The given function\(H\left( t \right) = \frac{{4 - {t^2}}}{{2 - t}}\)holds true for all the real numbers except for the numbers for which the denominator becomes zero. The denominator of the function becomes zero for numbers,

\(\begin{aligned}{c}2 - t = 0\\t = 2\end{aligned}\)

Therefore, the function is defined for\(t \in \left( { - \infty ,2} \right) \cup \left( {2,\infty } \right)\).

Thus, the domain of the function \(H\left( t \right) = \frac{{4 - {t^2}}}{{2 - t}}\)is\(\left( { - \infty ,2} \right) \cup \left( {2,\infty } \right)\).

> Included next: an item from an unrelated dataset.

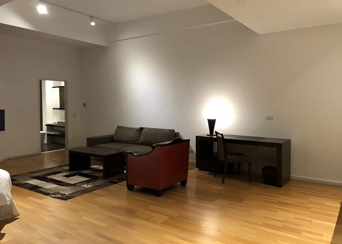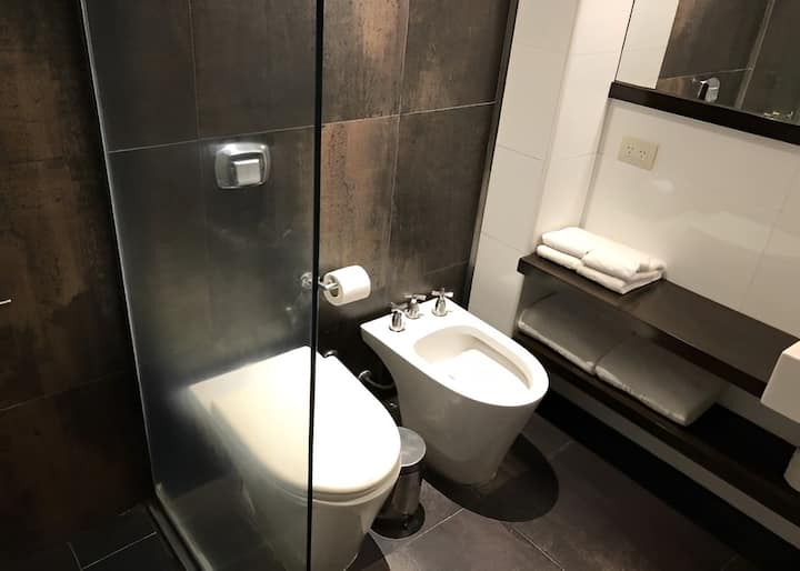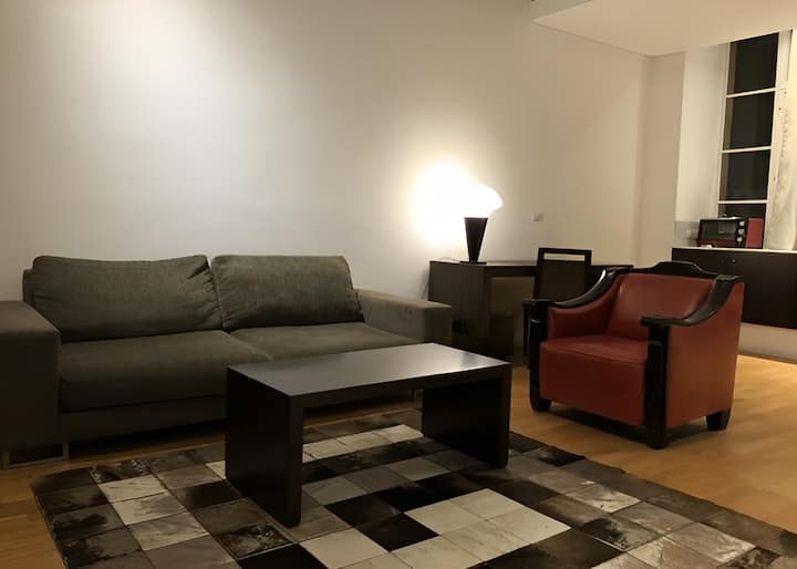 Apartment in Monserrat, located 2 blocks from Plaza de Mayo. The building was restored in 2015 and designated as a Buenos Aires city heritage site in 2017, and it operates with apartment/hotel characteristics.

Sketch the graph of the function

Now take\(t\)on the\(x - \)axis, and\(H\left( t \right)\)on the\(y - \)axis.

Simplify the function.

\(\begin{aligned}{c}H\left( t \right) &= \frac{{4 - {t^2}}}{{2 - t}}\\H\left( t \right) &= \frac{{\left( {2 + t} \right)\left( {2 - t} \right)}}{{2 - t}}\\H\left( t \right) &= 2 + t\end{aligned}\)

For\(t = 0\)

\(\begin{aligned}{l}H\left( t \right) &= 2 + 0\\H\left( t \right) &= 2\end{aligned}\)

For \(H\left( t \right) = 0\)

\(\begin{aligned}{c}0 = 2 + t\\t = - 2\end{aligned}\)

Therefore, the graph passes through (-2, 0) and (0, 2).

Draw the graph of the function using the above two points.

Figure (1)

Therefore, the graph of the function is given in figure (1).